Już tytuł tego króciutkiego wierszyka nawiązuje do porządków archetypowych, zaproponowanych przez Northropa Frye’a, który podstawę gatunku literackiego i jego stylu widział m.in. w cyklu pór roku. Pisał o tym tak:
W słonecznym cyklu dnia, w cyklu pór roku oraz w organicznym cyklu życia ludzkiego zawarty jest jeden jedyny schemat znaczący, z którego mit buduje główną narrację wokół pewnej figury. Jest nią bądź słońce, bądź też płodność roślinna...1
Teza ta uwidacznia się też w świecie i literaturze dla dzieci, gdzie figury - obrazy słonka, kwiatka, jabłka (drzewa i lasu), wiążąc się z podstawowymi doświadczeniami zmysłowymi malusz-ków, wyrażają też ich pragnienia: światła i ciepła, przyjemnego zapachu, wyrazistego koloru i wszelkiej słodkości (jabłek i jagódek).

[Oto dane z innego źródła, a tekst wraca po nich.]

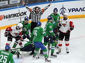 Континентальная хоккейная лига (КХЛ). Плей-офф. Финал - Восток. 6-й матч. Матч между командами "Салават Юлаев" (Уфа) - "Авангард" (Омск) прошел на стадионе "Уфа-Арена".

Kształty tych dziecięcych radości mają zarys okrągłej mandali -figury szczęścia.
Niespodziewanym dodatkiem do przedstawionej w wierszu Tuwima sytuacji lirycznej jest atmosfera totalnej „biedy”. Wypełniają ją niejasne troski i smutki, a także wiatr, zimnisko i mróz. Ale odwołując się do naukowych badań psychologii rozwojowej można uznać, że „biedy” te stanowią integralny składnik dziecięcej egzystencji, swoisty podkład dla jego przeżyć emocjonalnych, związanych często z literaturą2.

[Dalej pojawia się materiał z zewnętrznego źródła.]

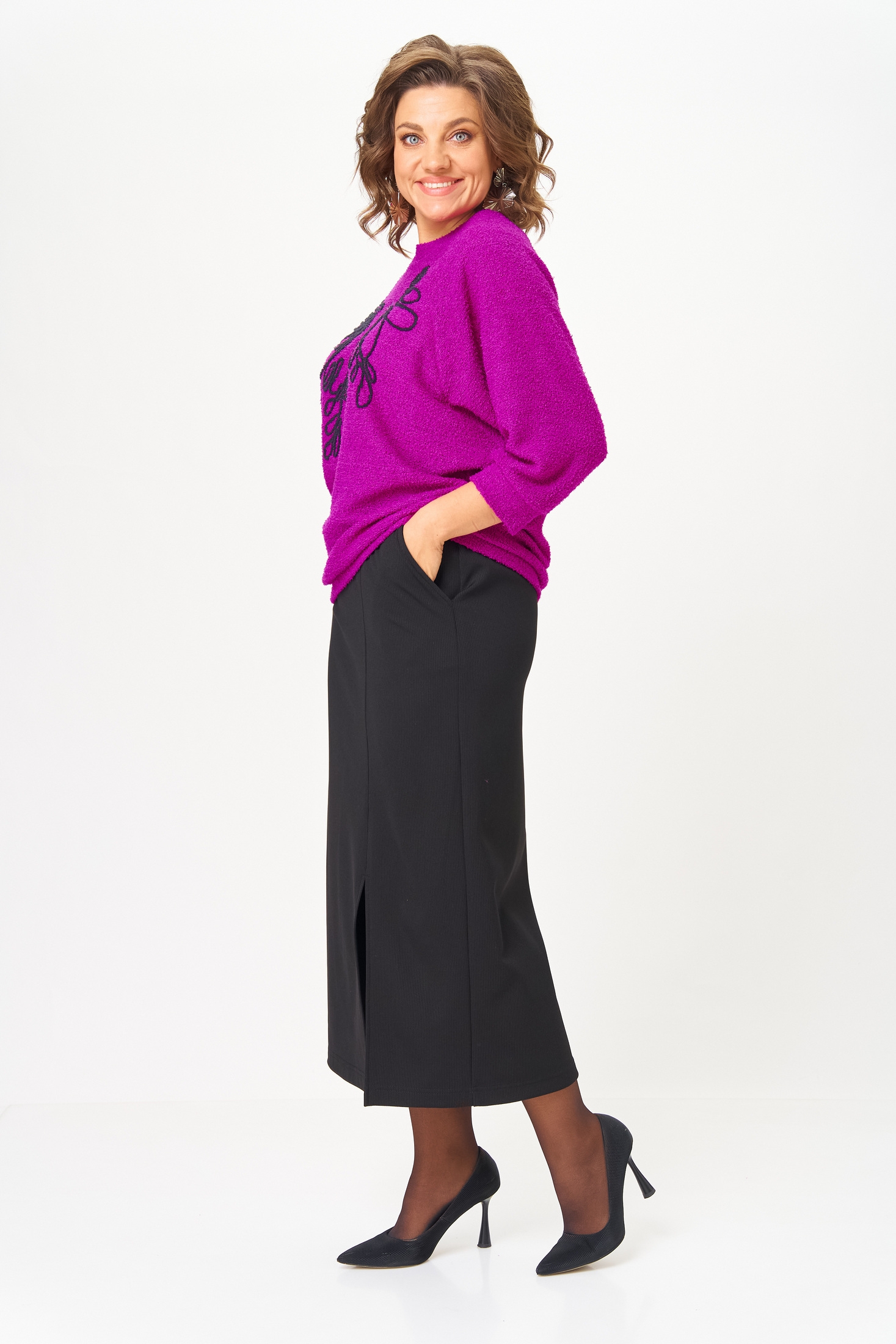 Костюм с юбкой 1407 пурпурный + черный Michel Chic

Toteż wyłowione z wierszy dla dzieci Tuwima „biedy” mogą tworzyć w lekturze swoiste cykle ludyczne i medytacyjne. I tak smutki, troski i inne życiowe zawirowania powiązane właśnie z porą roku, mogą łączyć się w poetyckiej zabawie w nowe, semantyczne związki, liryczne motywacje. Bo: „płacze pani słowikowa”, ale tylko na wiosnę, gdy mąż w piękny wieczór wraca do domu piechotą; „miotła... też by chciała, lecz się boi” puścić w tany w karnawale; „abecadło z pieca spadło" na pewno w zimie, bo w lecie nikt się nie uczy czytać ani nie siedzi na piecu itd. W odbiorze medytacyjnym Tuwimowskie „biedy” mają charakter filozoficznych rozmyślań (można by powiedzieć dziecięcych „filozofanek"), które wyrażają się w pytaniach bez odpowiedzi lub kategorycznych stwierdzeniach: „jak policzyć kaczuszki, co szły drogą?"; „kto rzeczkę zrozumie?”; „gdzie są okulary?; „nieraz trzeba płakać"...
40
Tamże, s. 284.
O wartości emocji w kontakcie z literaturą pisze J. Papuzińska w książce Dziecko w świecie emocji literackich, Warszawa 1997.